§ **DATA SUPPLIED**:
=== Section Start ===

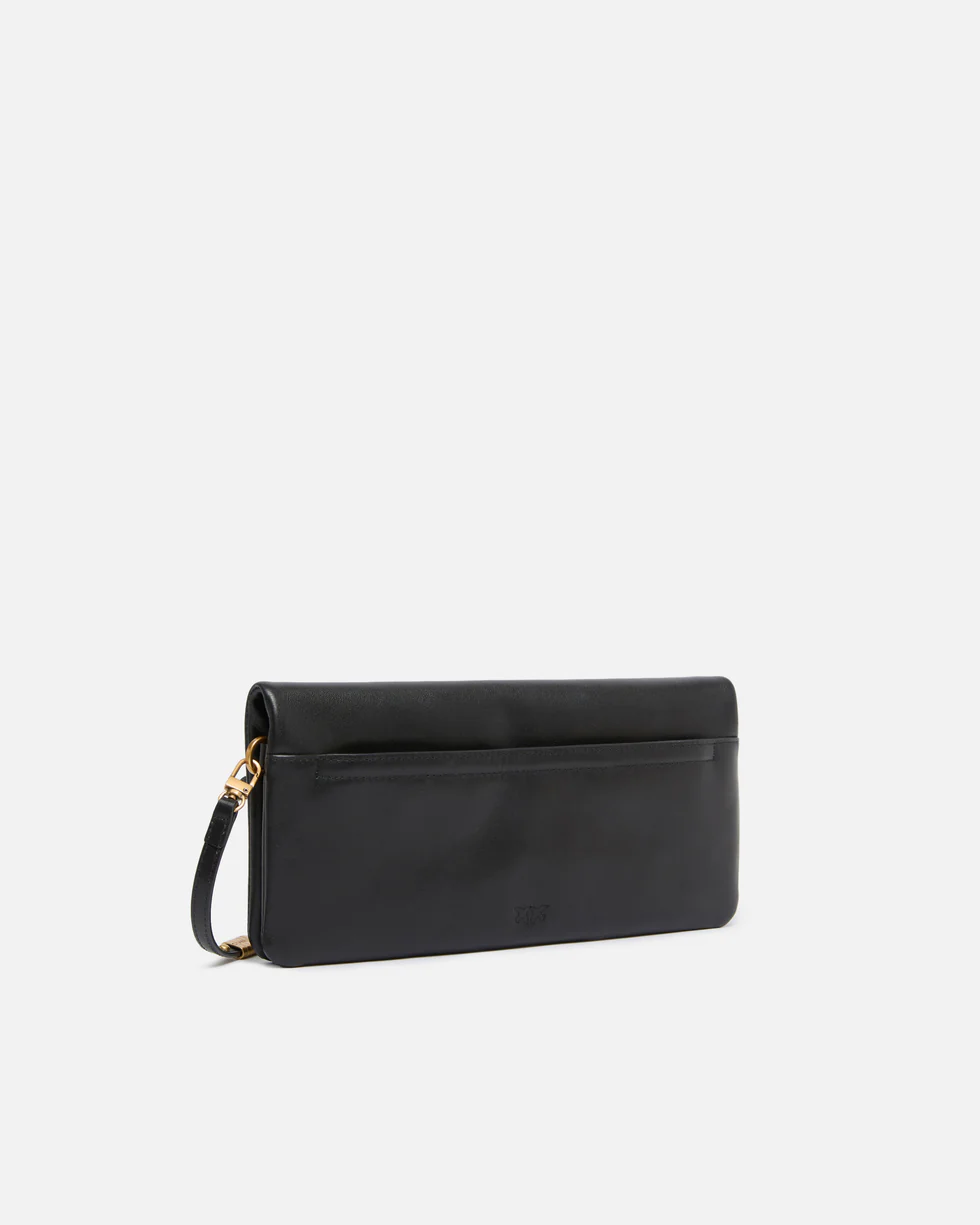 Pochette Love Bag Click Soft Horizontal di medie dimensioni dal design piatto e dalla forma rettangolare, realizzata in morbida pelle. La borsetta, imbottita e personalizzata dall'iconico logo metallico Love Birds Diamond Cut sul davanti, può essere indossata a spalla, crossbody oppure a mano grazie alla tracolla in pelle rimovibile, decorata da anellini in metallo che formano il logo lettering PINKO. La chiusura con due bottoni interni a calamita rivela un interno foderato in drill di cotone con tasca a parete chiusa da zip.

=== Section End ===
=== Section Start ===

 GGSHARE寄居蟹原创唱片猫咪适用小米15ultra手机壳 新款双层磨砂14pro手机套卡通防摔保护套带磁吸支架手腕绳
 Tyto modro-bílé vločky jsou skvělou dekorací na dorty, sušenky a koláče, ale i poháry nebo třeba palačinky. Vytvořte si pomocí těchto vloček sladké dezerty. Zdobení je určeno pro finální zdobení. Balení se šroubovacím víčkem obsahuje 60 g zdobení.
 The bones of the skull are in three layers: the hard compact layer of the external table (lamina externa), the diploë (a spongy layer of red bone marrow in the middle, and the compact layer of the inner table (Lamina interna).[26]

=== Section End ===
=== Section Start ===

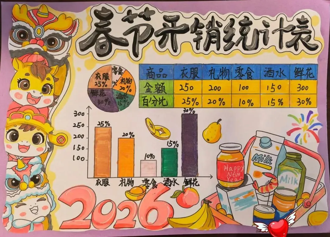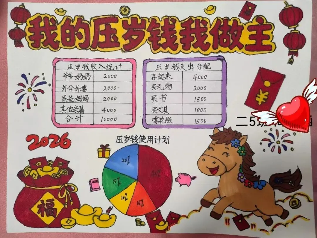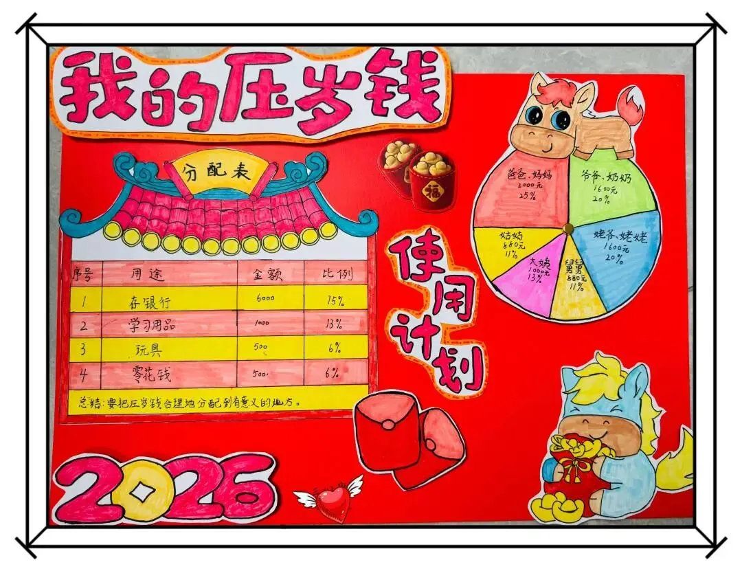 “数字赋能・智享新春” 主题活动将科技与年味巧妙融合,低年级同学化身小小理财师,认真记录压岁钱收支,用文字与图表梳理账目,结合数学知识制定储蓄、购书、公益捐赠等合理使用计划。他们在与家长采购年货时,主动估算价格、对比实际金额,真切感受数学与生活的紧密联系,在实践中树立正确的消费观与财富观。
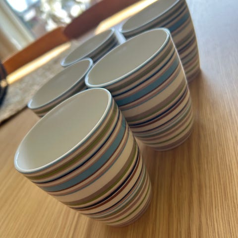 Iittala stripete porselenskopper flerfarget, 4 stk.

=== Section End ===

Please, from the material above, copy only the lines from the line with "Tyto modro-bílé vločky" up to and including the line with "The bones of", exactly as written.

 Tyto modro-bílé vločky jsou skvělou dekorací na dorty, sušenky a koláče, ale i poháry nebo třeba palačinky. Vytvořte si pomocí těchto vloček sladké dezerty. Zdobení je určeno pro finální zdobení. Balení se šroubovacím víčkem obsahuje 60 g zdobení.
 The bones of the skull are in three layers: the hard compact layer of the external table (lamina externa), the diploë (a spongy layer of red bone marrow in the middle, and the compact layer of the inner table (Lamina interna).[26]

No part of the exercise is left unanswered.